Signposts helped us onwards with addition of Japanese instructions reflecting their interest in the Bronte history. Signs kept coming thick and fast. The track took us out of the valley and over Penistone Hill heavily quarried in the past. Now a country park there are confusing paths everywhere, popular with dog walkers who all seemed to have Cocker Spaniels. We arrived into Haworth by the atmospheric graveyard, the Brontes are not buried here but have a crypt in the adjoining church. Above was the Parsonage where the sisters lived, now a museum. Bronte associations were everywhere. Below in the main street tourists flocked into the gift shops and cafes.

The Bronte Parsonage.

Bronte School.

We of course were above such things, avoided hoards of Japanese and headed out on ancient tracks to Oxenholme. Here we found a bench for lunch which happened to overlook the Worth Valley railway line and in came a steam special hauled by a Standard Four locomotive, withdrawn for scrap from the Southern Railway in 1965 but subsequently restored.

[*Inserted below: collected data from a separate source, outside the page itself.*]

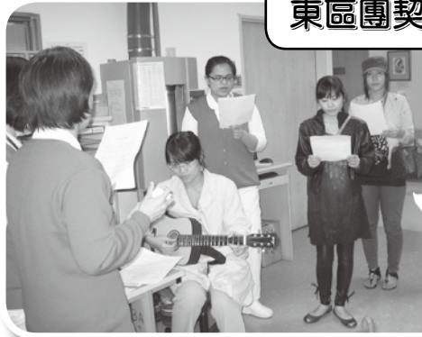
東區團契-花蓮小組獻詩 99年4月30日
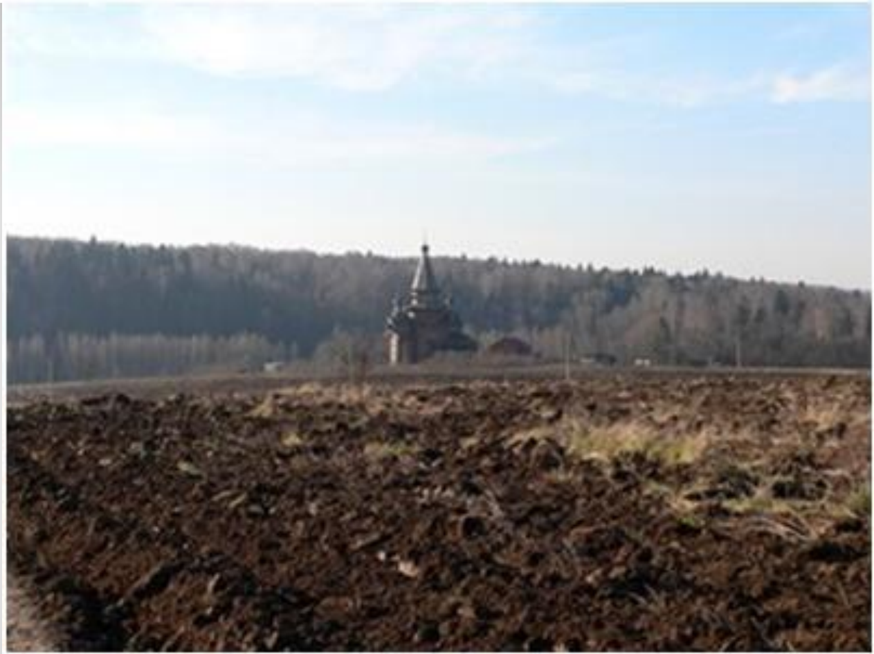
Храм преподобного Сергия Радонежского
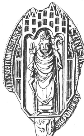
N° 108. Barthélemy II, 1351.
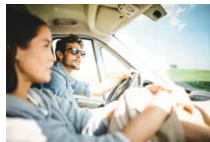
Nesselwang na poti do Schwaltenweiher (Allgäu)
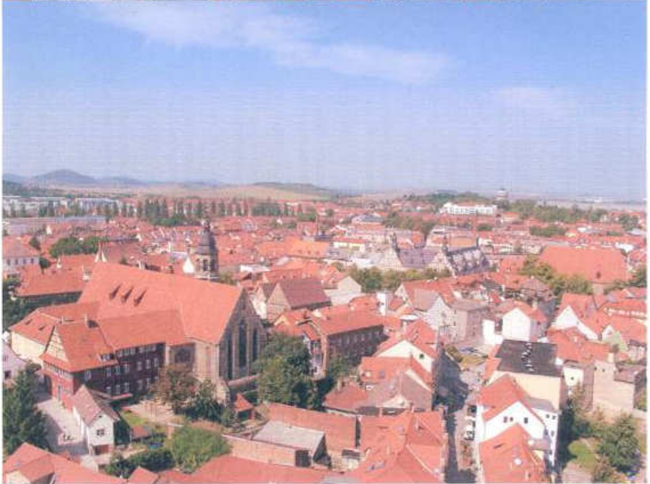
Abbildung 1 und 2 Luftaufnahme Arnstadt

Things went a little astray as we took to small lanes, too much time chatting and admiring both the scenery and the local properties. We found ourselves on a narrow lane a few hundred feet above where we should have been. I’d already remarked that we seemed to have missed most of Oxenholme, dammed right it was there below us. Fortunately a lovely path was found to reunite us with the correct way but we had enjoyed our diversion and had chance to meet one of the locals.

Charlotte, Emily or Anne?

No sooner were we back on track when we seemed to go wrong again on small streets in the village and ended up on the wrong side of Leeming Reservoir. No problem, just walk across the damn access road. The hot afternoon drifted on and once more we found ourselves on old flagged paths going where? A hill was climbed past old enclosures and water catchment culverts to arrive at a fine belvedere. An opportunity for a breather, a snack and drink and time to admire the view over fine countryside. From here a good lane just under Thornton Reservoir made for easy walking. A cyclist stopped to show us his electric assisted bike with a multitude of gears, impressive until I realised I couldn’t lift the beast. We emerged from Black Edge Lane into Denholme Gate where a parked car was waiting for us.

Onwards looked more urban, a bus passed signed for Halifax so we’ve come a long way into Yorkshire. The last two days may be better reached by train and utilising overnight accomodation.